In just the same way we are now faced with the prospect of our mental skills being made redundant by AI. Of course, AI is the most miraculous and powerful tool and it will lead us to be able to achieve so much, but we must always retain our mental faculties otherwise we will be rendered impotent and redundant by it. I’m certain that this is what William Morris would think were he alive today. So we will be encouraging our pupils to continue to think for themselves, to remember things and to take time to value knowledge. That way AI will remain a very powerful tool rather than become our replacement.
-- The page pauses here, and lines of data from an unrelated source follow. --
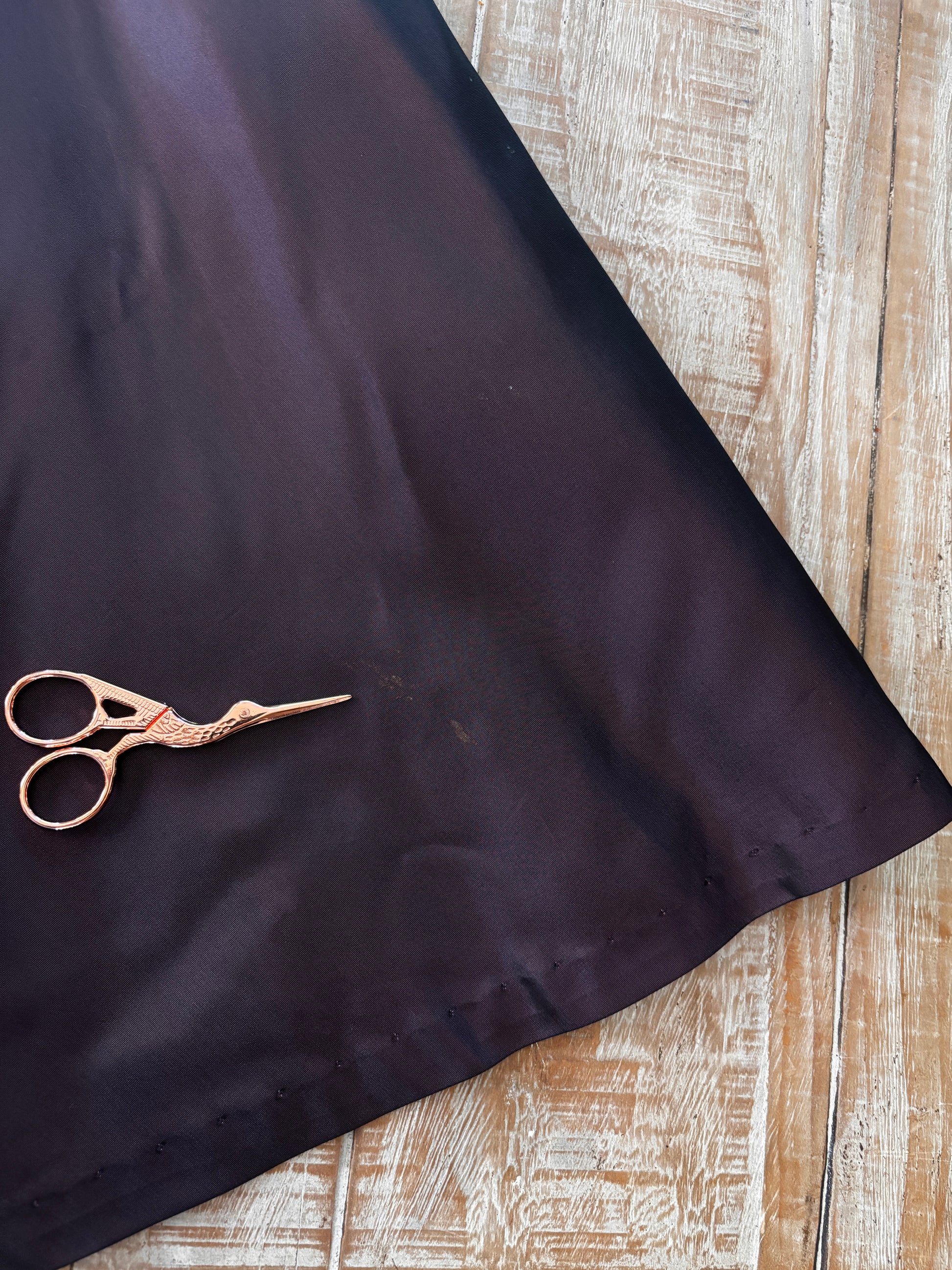 Regal and magnificent vintage late ca. 1940s/cusper era Baebro Original dress in a crisp silk taffeta of moody, glowing amethyst trimmed with autumnal silk velvet leaves + violet carnival glass vines and even more leaves. Well-padded shoulder, sweetheart neckline, notched cuffs, sweeping 4-gored skirt.
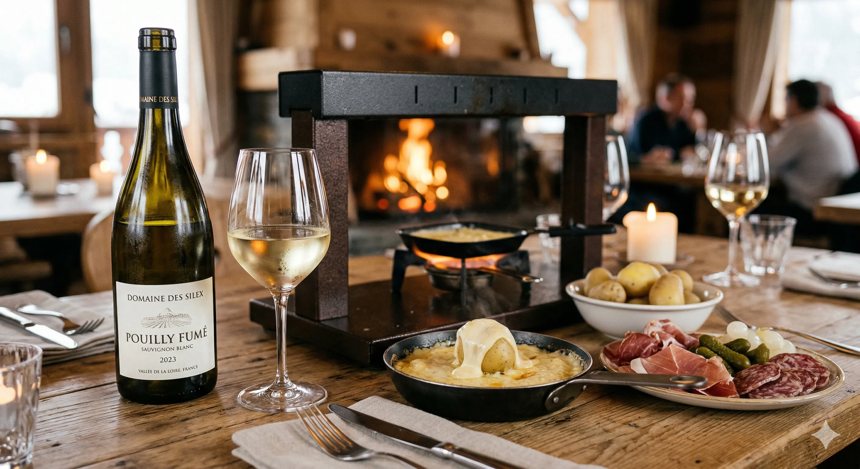 Le Pouilly Fumé fonctionne avec la raclette grâce à son acidité qui coupe la richesse du fromage fondu. Cependant, ce n'est pas l'accord idéal : le vin manque légèrement de corps pour vraiment sublimer le plat. Préférez un vin de Savoie (Jacquère, Roussette) ou un Chablis pour un résultat plus harmonieux.
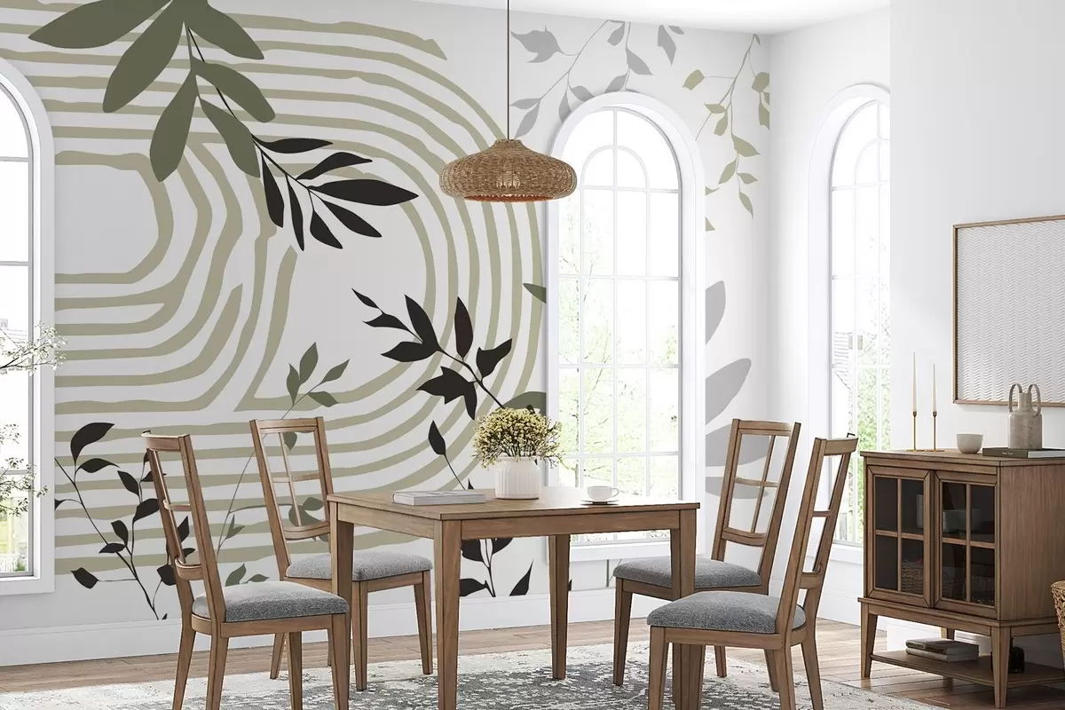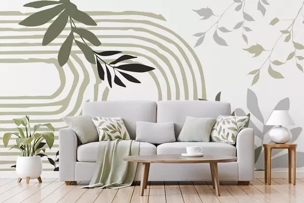 Abstract plant silhouettes and lines - Wall mural (No. w05374v1)
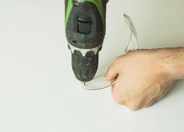 Cuando este paso se realiza puede utilizar el taladro con la broca pequeña o una aguja para perforar un par de agujeros en los lados de las gafas. Taladré 5 agujeros. Asegúrese de que vas lento en este paso, porque no quieres las gafas a crack. Realizar los orificios también lo suficientemente grandes como para que la aguja pase a través. Los agujeros se utilizará para fijar la cinta de velcro a las gafas.
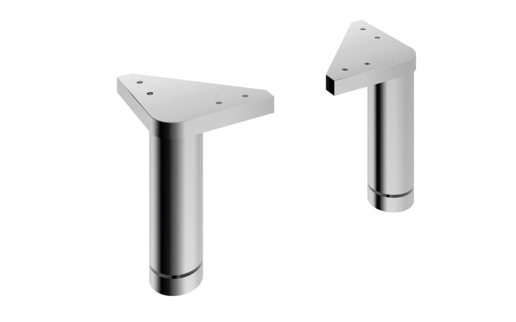 Fuß-Set aus Metall in Chromfarbig , rund, 2 Stück, höhenverstellbar, Höhe ca. 10 cm.
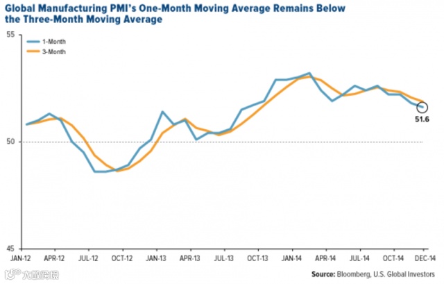 自去年9月以来,全球的一个月PMI数据均低于3月移动平均线。
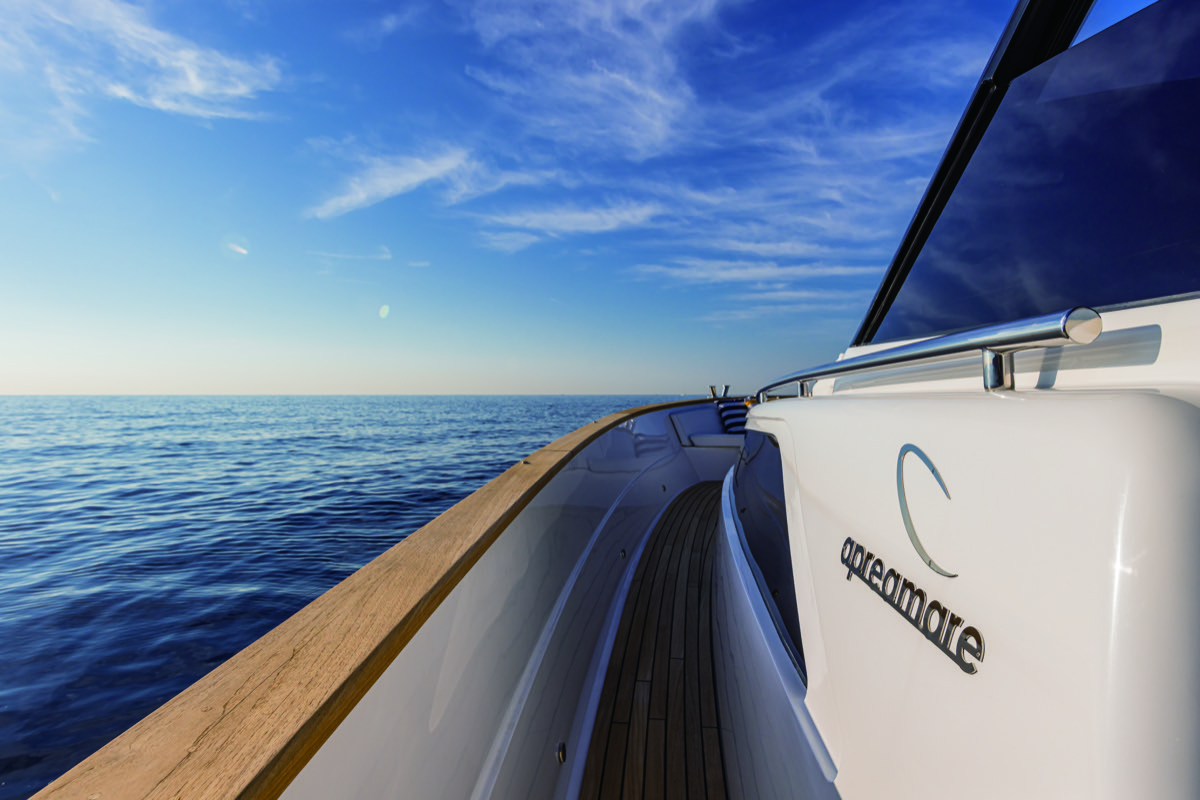 1988年、CataldoApreaはSalvatorePollioと共にAPREAMARESrlを設立。共同創設者であるSalvatorePollioは、豊富な造船経験と優れた指導力を発揮し、「Smeraldo7」を建造。大成功を収める。革新的で情熱的なCataldoApreaと、実直で控えめな性格のSalvatorePollio。二人のバランスが、APREAMAREの成功に大きく寄与したという。2001年、APREAMAREはフェレッティグループに参加し、国際市場でのマーケティングを強化。その後、2010年よりApreaとPollioのファミリーが再び独立した運営を開始する。そして現在のAPREAMAREは、ナポリ湾沿岸のトッレ・アンヌンツィアータを生産拠点とし、日本を含む世界中のディーラーにボートを供給している。
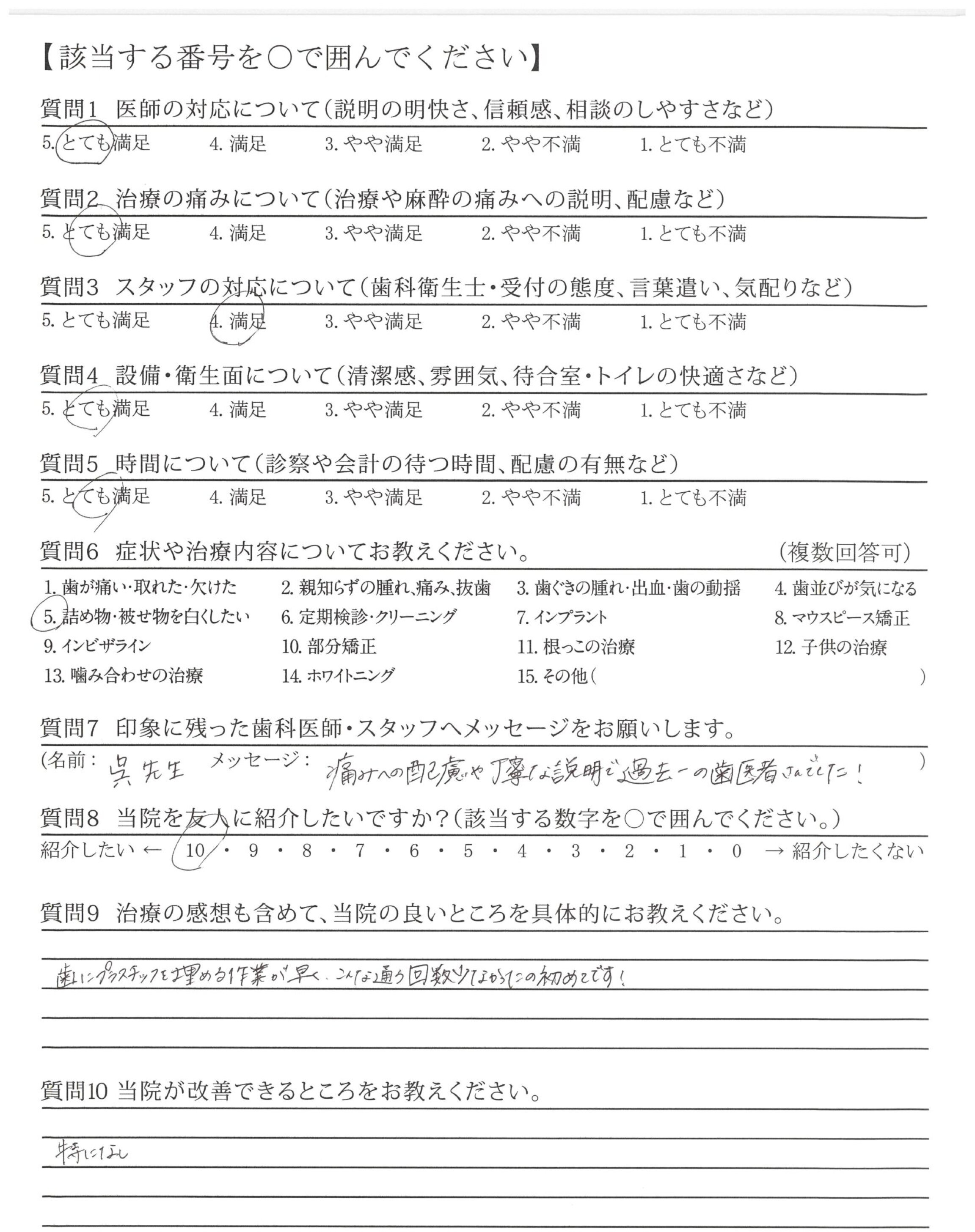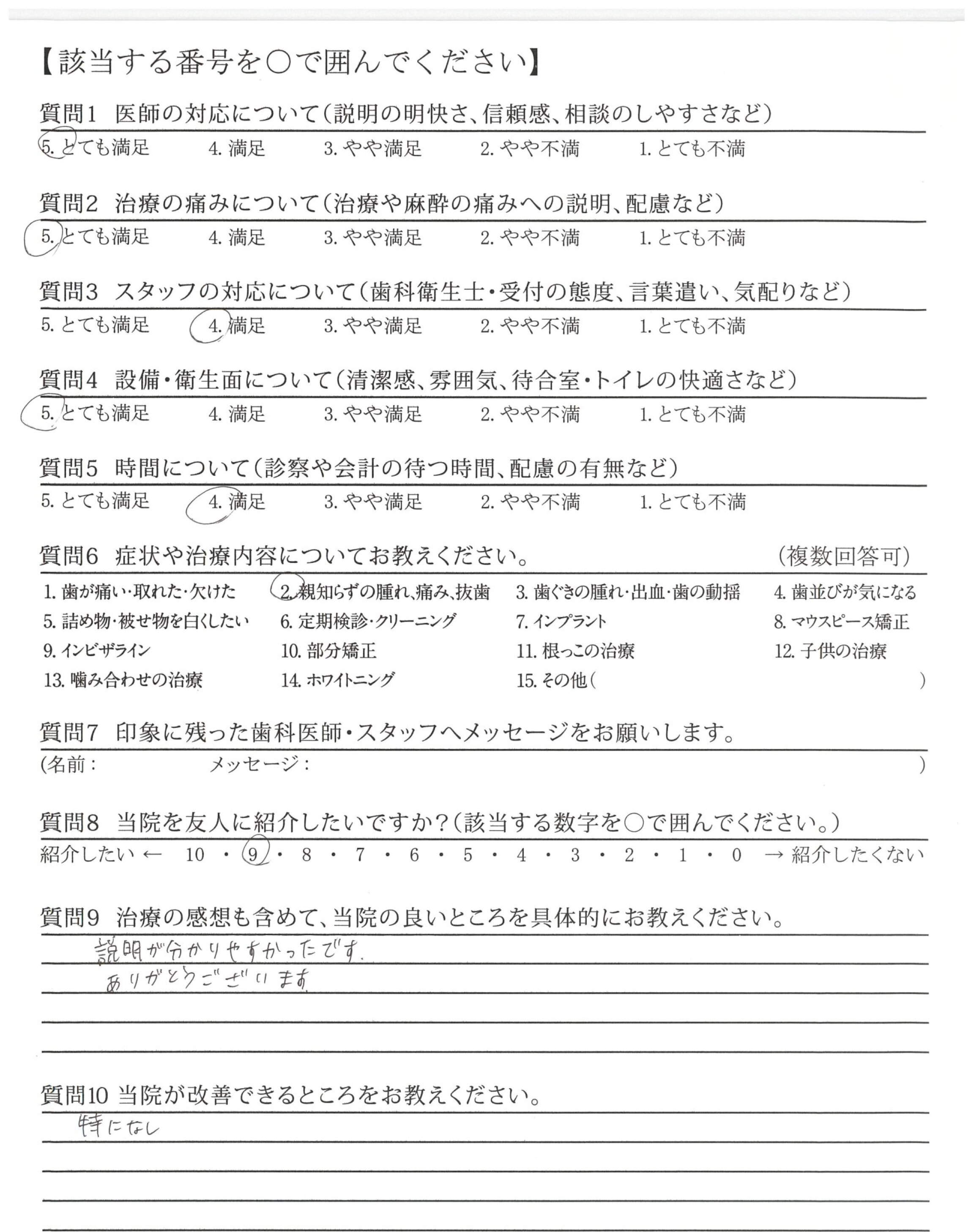| 歯科医師の対応 | ![]() ![]() ![]() ![]() 4.89 |
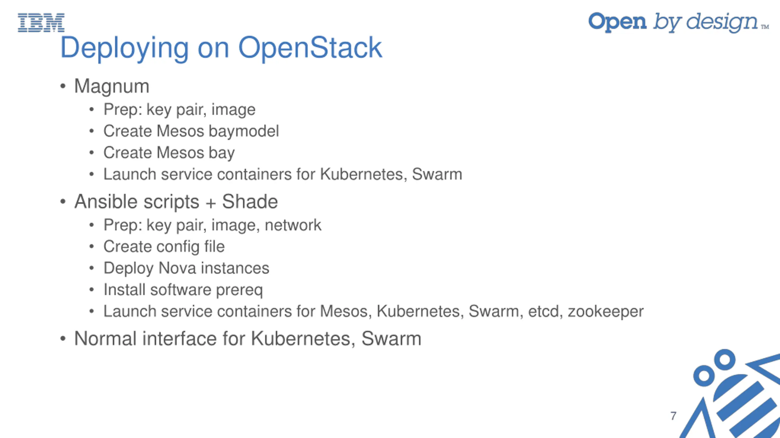 Deploying on OpenStack Magnum Prep: key pair, image Create Mesos baymodel Create Mesos bay Launch service containers for Kubernetes, Swarm Ansible scripts + Shade Prep: key pair, image, network Create config file Deploy Nova instances Install software prereq Launch service containers for Mesos, Kubernetes, Swarm, etcd, zookeeper Normal interface for Kubernetes, Swarm 7

In the Cathedral today we were visited by the Revd Liz Boughton, Chaplain of St Edward’s. She had chosen as her reading a part of psalm 139 – a passage she claimed as one of her favourite parts of the
Old Testament.

She quoted the following lines:

“I praise you because I am fearfully and wonderfully made;
your works are wonderful,
I know that full well”


As an illustration of this, she got three boys to look into a box and tell her what they saw. What they
saw in the box was a reflection of themselves in a mirror. “What can you see”, she asked. “A mirror!” they all replied in unison. What they had missed was the remarkable person they were looking at - had they looked beyond the mirror, they would have seen that they were “fearfully and wonderfully made. ” We are all, she said, unique and priceless people. And of course, it is this that we so cherish in our School.